There is a strange and dangerous gap in how we talk about progress in Pakistan today. If you look at our national budget or our news headlines, everything is about “Digital Pakistan” and training urban youth for the gig economy. We have massive programs for coding, freelancing, and vocational skills in the big cities, and that is great. But while we focus all our energy on the metropolitan hubs, the actual backbone of our country, the farmer, is being left to fight a 21st-century battle with tools and knowledge from the 1970s. We are essentially ignoring the majority of our population.
More than 63% of Pakistanis live in rural areas, and nearly 40% of our entire workforce depends on agriculture and livestock. In many villages, that number is closer to 70% or 80%. When the farmer struggles, the whole country feels it at the dinner table. Yet, we have no national-level program to upgrade the skills of these farmers. We just assume they will figure it out because “that’s what their fathers did.” But the world their fathers farmed in is gone.
Today, a farmer in Punjab or Sindh is trapped.

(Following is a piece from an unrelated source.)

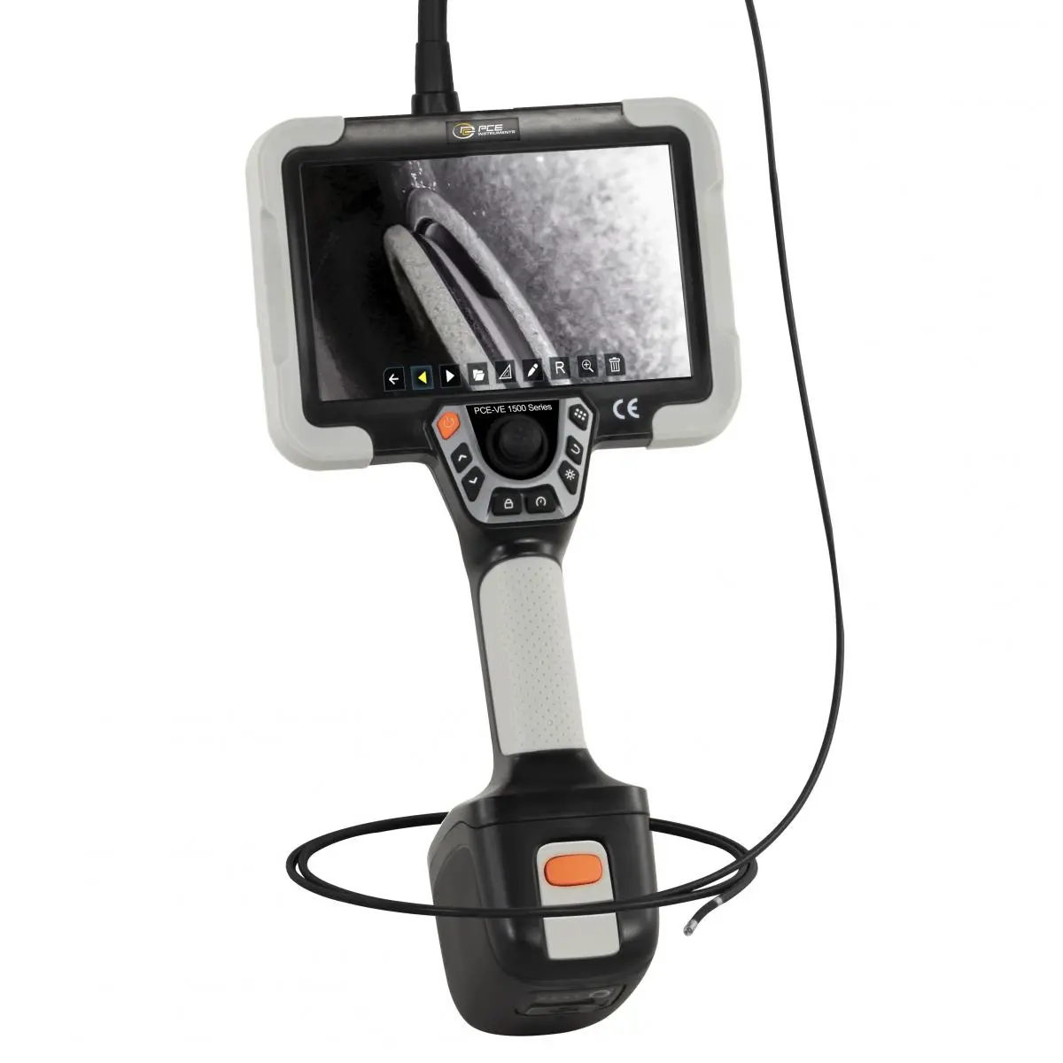 Dieses Boroskop ist als einziges Gerät der Serie PCE-VE 1500 mit zwei Kameras ausgestattet. Eine davon ist frontal ausgerichtet, die andere seitlich. Beide sind am Kamerakopf sehr dicht nebeneinander positioniert. Neben jeder der Kameras ist eine LED angeordnet, mit der das Blickfeld bei Bedarf beleuchtet werden kann. Einstellungen am Endoskop für die Bilddarstellung auf dem Display und für die Beleuchtung des Kamerablickfeldes werden jeweils für beide Kameras und beide Lichtquellen gleichzeitig wirksam.

On one side, the costs of everything, fertilizer, seeds, electricity for tube wells, and diesel for tractors, have hit the roof. On the other side, nature has become unpredictable. Canal water is shrinking, and rains that used to be a blessing now come as sudden, destructive storms or don’t come at all. Because our focus is always on the “smart cities,” we have neglected the basic field-to-market roads. This is why our rural youth are running toward the cities; it’s not because they want to leave, but because staying on the farm has become a losing game.
One of the biggest tragedies is the total lack of “market intelligence.” A farmer spends six months of sweat and borrowed money on a crop, but he has no idea what it will be worth when it’s finally ready. Look at what happened last year with wheat. We had a “bumper crop” of over 31 million tons, which should have been a celebration. Instead, it was a disaster for the growers because there weren’t enough buyers at a fair price, and rates crashed. Right now, we see potato farmers selling their produce for ‘throwing rates’ as low as Rs. 20 per kg because they have no way to store it or process it, and no data to tell them what to plant instead. Without the skills to understand market cycles, our farmers remain at the mercy of the market rather than acting as informed businessmen.
To fix this, we don’t just need more subsidies; we need a knowledge revolution. We actually have a huge network of institutions that could help if they were properly mobilized. At the federal level, we have the Pakistan Agricultural Research Council (PARC) and the National Agricultural Research Centre (NARC) in Islamabad. In the provinces, we have heavyweights like the Punjab Agriculture Department and the Ayub Agricultural Research Institute (AARI) in Faisalabad.
We also have world-class universities like the University of Agriculture Faisalabad (UAF), Arid Agriculture University in Rawalpindi, and Sindh Agriculture University, Tandojam. These places shouldn’t just be for students getting degrees; they should be training grounds for every farmer in the surrounding districts. We need to bridge the gap between a PhD student’s research and a smallholder’s field.
There is also a lot of support waiting to be used from international partners like the Food and Agriculture Organization (FAO), IFAD, and the CGIAR network. Locally, we have seen how the Aga Khan Rural Support Programme (AKRSP) and the National Rural Support Programme (NRSP) can organize farmers to do great things. But we need a national-level push that ties all of this together.
If our government can spend billions to teach a teenager in Lahore how to design a website, it can surely spend the same energy teaching a farmer in Multan or Swat how to use satellite weather data, how to save water with new irrigation tech, and how to read market trends so they don’t grow a crop that will be worthless in six months.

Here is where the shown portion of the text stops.